The sanctioned campsite opened May 19. Within two weeks it was full.

How a parking lot became a space to call home

Despite high winds that repeatedly destroyed tents, wildfire smoke that choked the city for weeks, raccoons and sewer grates that overflowed when it rained, most of the residents have only good things to say about their year in the old McDonald’s parking lot.

One of the first arrivals was Nobody, who had been living in a Masonic Street encampment. With two fractured ribs and a collapsed lung, he was having a hard time living on the street.

“Going in here was a lot easier to recuperate than being on the ground,” he said. “They got me an air mattress, and a tent, and a light, and a solar-powered battery bank.”

From the get-go, Homeless Youth Alliance worked to create a space that felt like a home. Weekly meetings offered residents a space to vent and support one another. Multiple community tents, from a cobbled-together kitchen to a TV room to an art space, provided space to socialize.

“This was an opportunity to get stable enough and feel safe enough to have a conversation about being ready for something else, to move forward,” Wheeler said.

A future unknown

Fourteen residents remained at the site as of June 4. Several who medically qualify will move into shelter-in-place hotels; others are going to other sanctioned encampments. A couple are leaving town. But with two weeks to go until the site closes for good, seven people said they did not yet have a plan.

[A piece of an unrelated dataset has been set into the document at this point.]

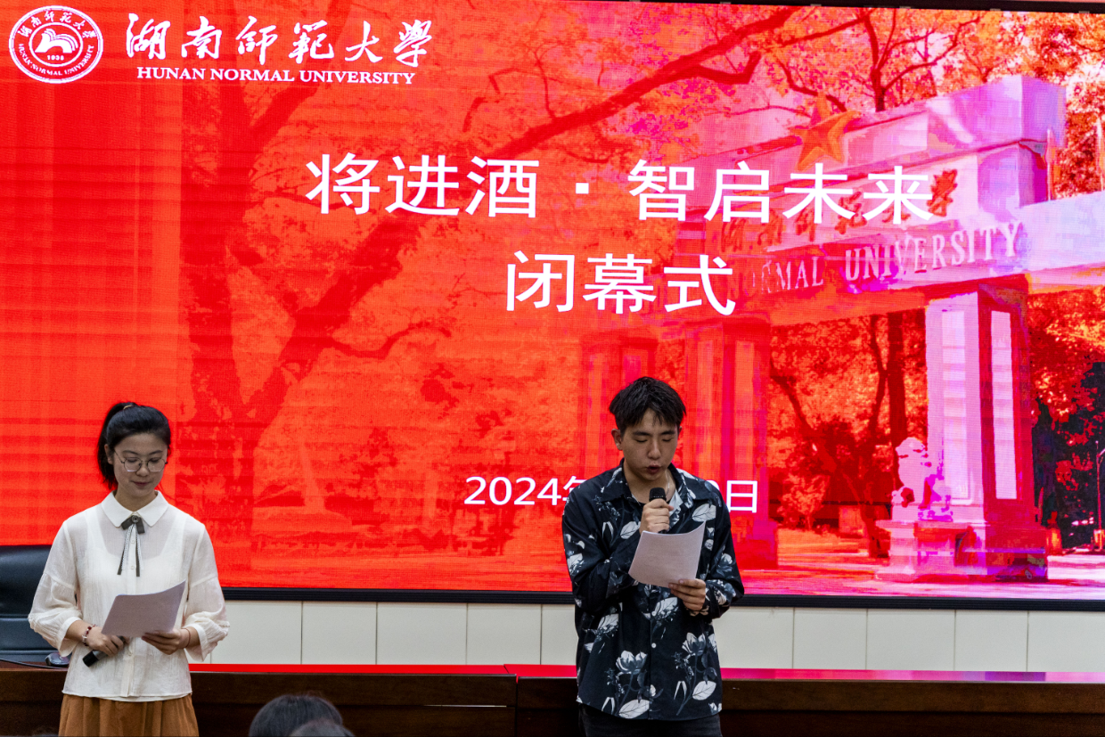 闭幕式采用轻松有趣的形式展开。活动的开始由将进酒工作组集体演出,将进酒工作组总队长李洋对将进酒活动进行工作总结。随后由2022级酒店管理刘世豪同学为大家带来歌曲表演。其后是“将进酒”活动的成果展示,包括活动心得分享和优秀组视频展示。

“The process of closing and witnessing people scattered throughout the city as the community they’ve built here comes to a close has been heartbreaking,” said Wheeler. “However, I hope they will take this experience with them and be stronger and fiercer advocates for how they want to live, and where.”

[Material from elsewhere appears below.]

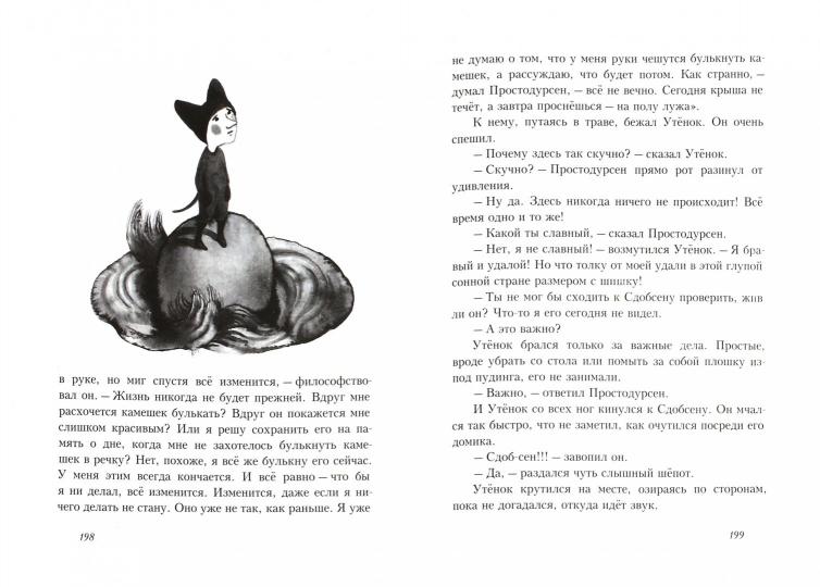 Повседневная жизнь всех шестерых - наивного Простодурсена, надёжного Ковригсена, неугомонной Октавы, непутёвого Сдобсена, вредного Пронырсена и Утёнка, умеющего отыскать необычный смысл в обычных вещах, - неспешна и подробна. В этом завораживающем мире то ли сказки, то ли притчи времена года смеют друг друга, герои ссорятся и мирятся, маются от одиночества и радуются праздникам, мечтают о неведомой загранице и воплощают мечту о золотой рыбке...

For those who have moved on from the parking lot, there’s still a lot of uncertainty. Ashel, who secured a room in a shelter-in-place hotel, said they would return to the Haight if a new sanctioned campsite opened. Ashel uses gender-neutral pronouns.

“I think they should find out what’s happening at Kezar parking lot, and put CAMP right there in the park,” they said. “I’m not willing to take any housing options they give me at this point, because I don’t want to be in the Tenderloin.”

Nobody does not like sleeping at his second sanctioned tent camp but did not qualify when he applied for housing.

When asked where he would go when his new site shut down, he paused for a few moments.  “I didn’t even think about that,” he said. “I’ll probably take my tent and move to the beach. Better than being in the park and getting attacked by coyotes and raccoons.”